═══ EXERCISE DATA ═══
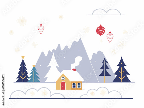 Travel tickets in box, decorated Christmas tree with balls, winter night forest landscape, vector illustration in paper art style. Christmas tour, winter vacation.
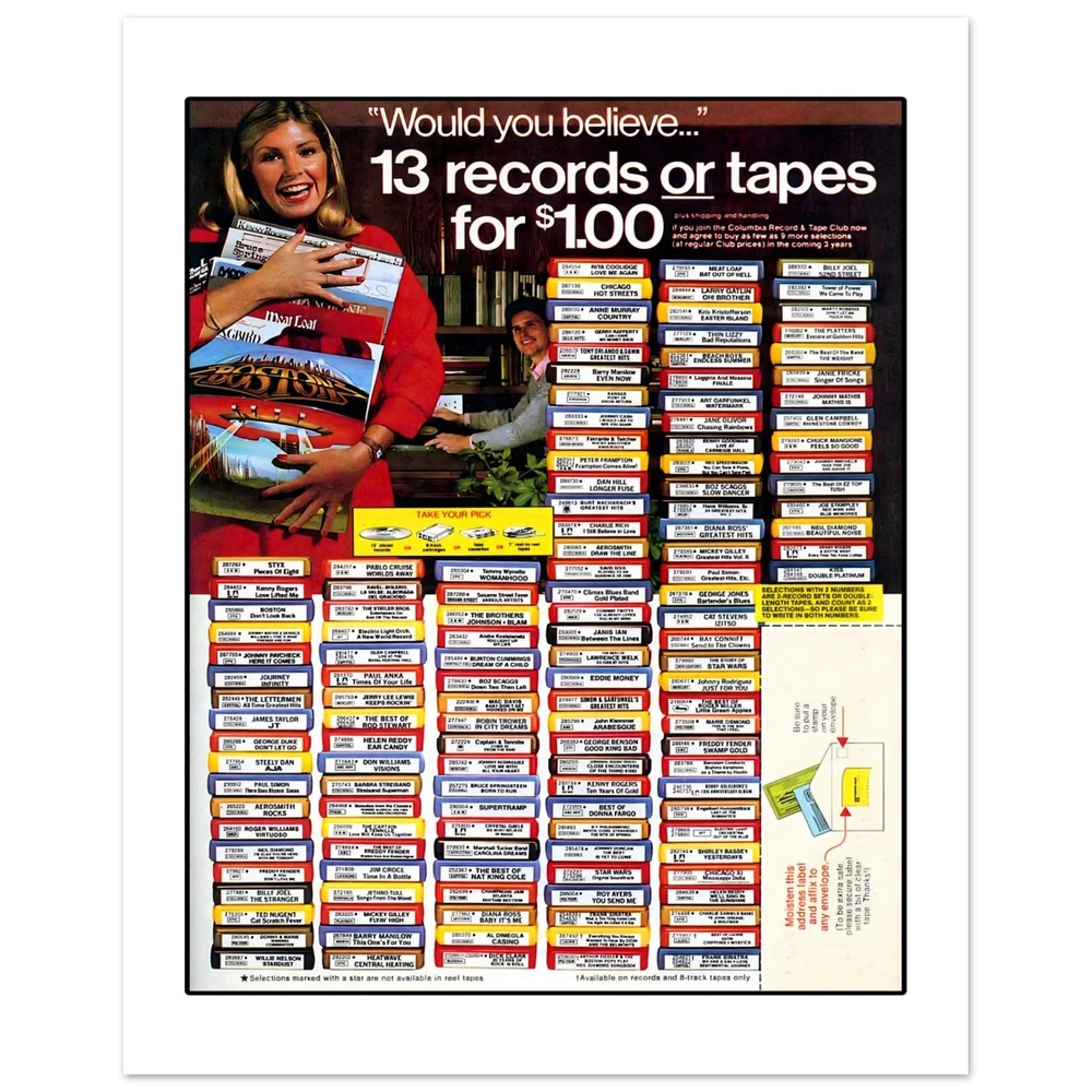 Columbia Record & Tape Club Seventies Retro Advertisement Art Print Poster All retro advertising prints are created using scans of the original ad. As a result, prints may show signs of age and/or wear or other imperfections.One of my favorite parts of growing up in the seventies and eighties was the Columbia Record & Tape club. I joined under every family member in my house and loved having those catalogs show up every month. I love this retro ad featuring 8-track tapes.• Digitally Printed.• Sizes available: 8x10, in. 11x14 in, 12x16 in, 16x20 in 18x24 in.• 16x20 in, 18x24 in• Printed with a matte finish on heavy duty archival paper.• 200 GSM heavy weight paper Columbia Record & Tape Club Seventies Retro Advertisement Art Print Poster All retro advertising prints are created using scans of the original ad. As a result, prints may show signs of age and/or wear or other imperfections. One of my favorite parts of growing up in the seventies and eighties was the Columbia Record & Tape club. I joined under every family member in my house and loved having those catalogs show up every month. I love this retro ad featuring 8-track tapes. • Digitally Printed. • Sizes available: 8x10, in. 11x14 in, 12x16 in, 16x20 in 18x24 in. • 16x20 in, 18x24 in • Printed with a matte finish on heavy duty archival paper. • 200 GSM heavy weight paper × Tell a friend Visit store Watch now Postage info Click the Postage tab above the listing description for more info FREE Postage See more... USPS First Class - $0.00 USPS Priority Mail - $9.95 Click the Postage tab above the listing description for more info! Additional delivery notes PICK UP OPTION Sorry, our items are NOT available for pick-up. PAYING VIA PAYPAL We accept PayPal on our all our items so you can shop with confidence. Simple choose the PayPal option when proceeding through the checkout. Additional Information No additional information at this time Ask seller a question You might also like Peaches Records & Tapes Est. 1975 Record Shop Music Store Men's Unisex T Shirt T Elmore Elmo James 78 RPM Mississippi Delta Blues Trumpet Record Label Men's T Sh Howlin' Wolf Chicago Blues Men's T Shirt Tee Opryland USA Amusement Park Nashville Retro Unisex T-Shirt Tee Contact To contact our Customer Service Team, simply click the button here and our Customer Service team will be happy to assist. Ask seller a question © Mad Apple Shop Postage Shipping is FREE for this item Payment Accepted Payment Methods PayPal Returns Returns are accepted Items must be returned within 30 days of the auction ending Buyer will pay for return shipping. eBay integration by
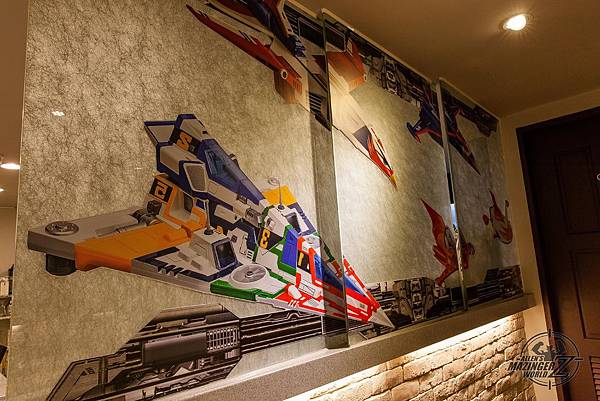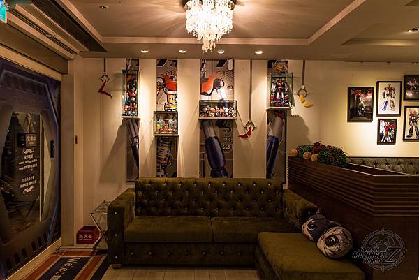 ▼進門後的沙發等待區牆面為此次裝潢的玩具展示重點,魔神三兄弟在此恭候大駕
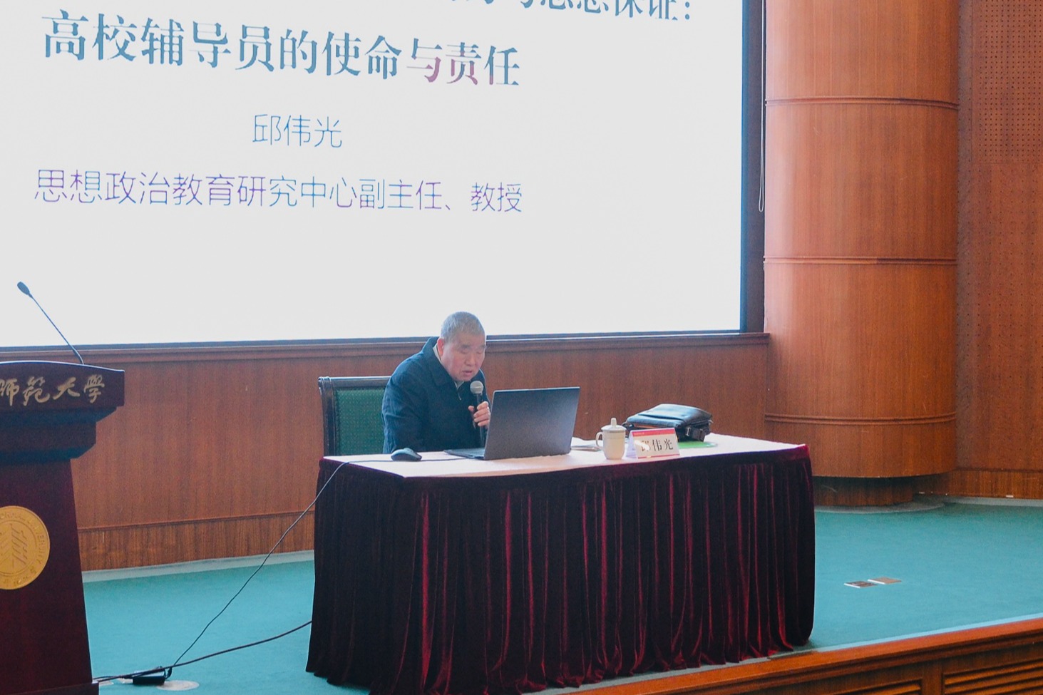 校思想政治教育研究中心副主任、馬克思主義學(xué)院特聘教授邱偉光作輔導(dǎo)報(bào)告
═══
- **TASK PROMPT**
Would you print the material exactly once more, without any of its pictures?

- **RESPONSE TO THIS TASK**
 Travel tickets in box, decorated Christmas tree with balls, winter night forest landscape, vector illustration in paper art style. Christmas tour, winter vacation.
 Columbia Record & Tape Club Seventies Retro Advertisement Art Print Poster All retro advertising prints are created using scans of the original ad. As a result, prints may show signs of age and/or wear or other imperfections.One of my favorite parts of growing up in the seventies and eighties was the Columbia Record & Tape club. I joined under every family member in my house and loved having those catalogs show up every month. I love this retro ad featuring 8-track tapes.• Digitally Printed.• Sizes available: 8x10, in. 11x14 in, 12x16 in, 16x20 in 18x24 in.• 16x20 in, 18x24 in• Printed with a matte finish on heavy duty archival paper.• 200 GSM heavy weight paper Columbia Record & Tape Club Seventies Retro Advertisement Art Print Poster All retro advertising prints are created using scans of the original ad. As a result, prints may show signs of age and/or wear or other imperfections. One of my favorite parts of growing up in the seventies and eighties was the Columbia Record & Tape club. I joined under every family member in my house and loved having those catalogs show up every month. I love this retro ad featuring 8-track tapes. • Digitally Printed. • Sizes available: 8x10, in. 11x14 in, 12x16 in, 16x20 in 18x24 in. • 16x20 in, 18x24 in • Printed with a matte finish on heavy duty archival paper. • 200 GSM heavy weight paper × Tell a friend Visit store Watch now Postage info Click the Postage tab above the listing description for more info FREE Postage See more... USPS First Class - $0.00 USPS Priority Mail - $9.95 Click the Postage tab above the listing description for more info! Additional delivery notes PICK UP OPTION Sorry, our items are NOT available for pick-up. PAYING VIA PAYPAL We accept PayPal on our all our items so you can shop with confidence. Simple choose the PayPal option when proceeding through the checkout. Additional Information No additional information at this time Ask seller a question You might also like Peaches Records & Tapes Est. 1975 Record Shop Music Store Men's Unisex T Shirt T Elmore Elmo James 78 RPM Mississippi Delta Blues Trumpet Record Label Men's T Sh Howlin' Wolf Chicago Blues Men's T Shirt Tee Opryland USA Amusement Park Nashville Retro Unisex T-Shirt Tee Contact To contact our Customer Service Team, simply click the button here and our Customer Service team will be happy to assist. Ask seller a question © Mad Apple Shop Postage Shipping is FREE for this item Payment Accepted Payment Methods PayPal Returns Returns are accepted Items must be returned within 30 days of the auction ending Buyer will pay for return shipping. eBay integration by
 ▼進門後的沙發等待區牆面為此次裝潢的玩具展示重點,魔神三兄弟在此恭候大駕
 校思想政治教育研究中心副主任、馬克思主義學(xué)院特聘教授邱偉光作輔導(dǎo)報(bào)告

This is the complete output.